The real kicker for me is people who assume that being raped somehow “made” me trans. Any time I disclose either my history of abuse or my gender status I open myself up to ugly attacks. When I disclose both at once, my chances of being ridiculed and misunderstood are squared. Two close male family members have confronted me to ask whether my “gender trouble” was caused by the assault. So did a certain well-known sex educator who frankly should have known better.

I’m not sure how this psycho-sexual theory of transsexualism even makes sense. I would love to hear the logic behind it. Do these people believe that I “chose to become a man” because I “hate men?” Or that I wanted to be more like my perpetrator and less like a victim? Do they think I am trying to avoid male aggression? If the last, I would love for them to explain to me how being a twinkish gay bottom places me drastically higher on the sexual food chain. (It doesn’t.)

[Emphasis supplied.]

This guy has a right to his identity, and his history. People who try to impose on him some sort of causation between his rape and his transition are not helping him. They are serving their own needs, telling a story that makes their world make sense to them.
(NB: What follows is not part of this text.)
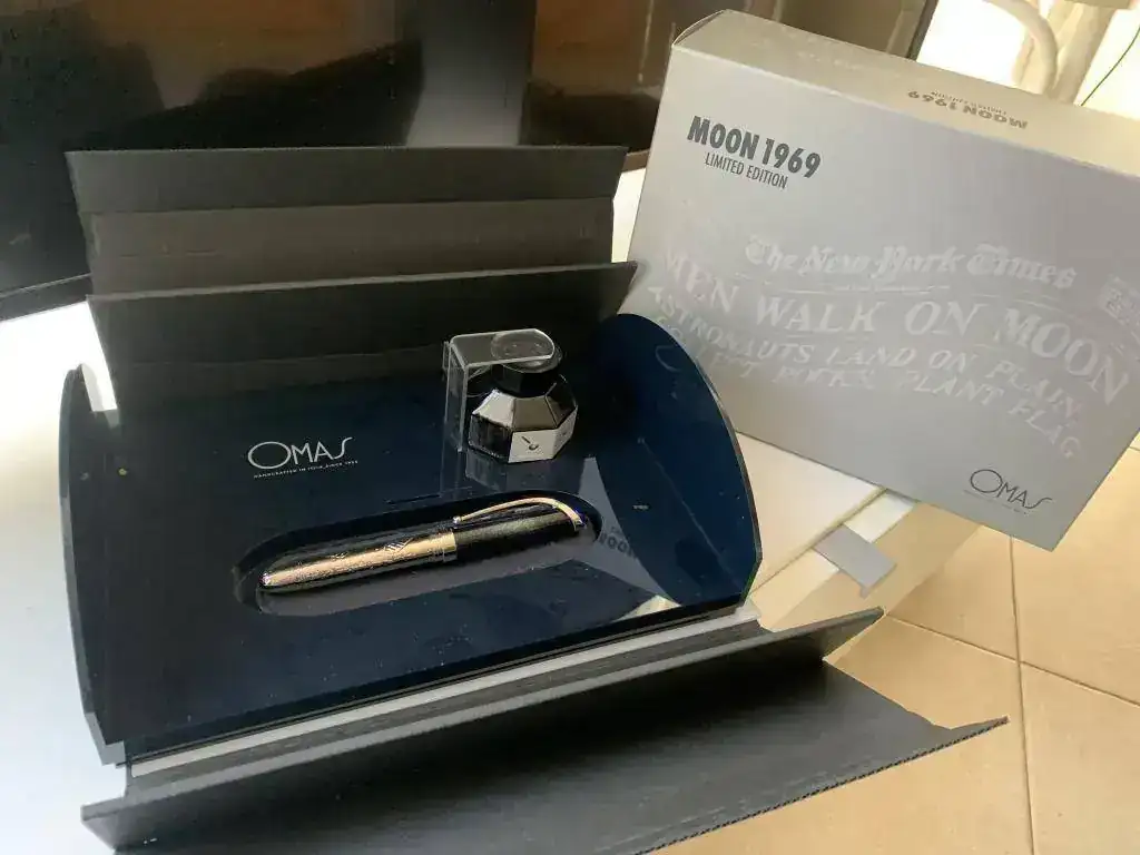 En lo que a vista se refiere, en el cañón y la pluma se observan las huellas de Armstrong pisando la luna, en el clip la cuenta regresiva de 5 a 0 para el despegue del transbordador , en el aro al final del cañon se lee lo siguiente: Italy 21 July 1969 - Apollo 11

Asher Bauer’s world makes sense to him, and when he explains what happened, they ought to listen, and accept that he has access to better information about himself and his experiences than they do.

(To my way of thinking, this is a cornerstone of kyriachy — folks in advantaged groups get positioned as “normal”, and get used to sitting in their “normal” perch and imposing their own interpretation on the narratives of the less-“normal” people’s experiences. He was there. Nobody has objective, Archimedean access to the big-T Truth, and his own account is the best-informed. All of which is an overly wordy note on subjectivity. People have it; when we deny it to people, we’re not treating them like people.)

Bauer describes himself as a fixture in the San Francisco BDSM community. He doesn’t say specifically how the BDSM community is better, or worse, or both by turns, as a space for him to work through his history. I’d love it if I thought we were always good at it, but we’re not, and no other community is, because there are no chosen people.

There’s no analysis I can bring which adds much to the power of his own account. But I know for sure that he’s not the first man to have to deal with a sexual assault that happened either before transitioning, or while presenting as a woman. If all I can do is draw more eyeballs to his account, I’m good with that.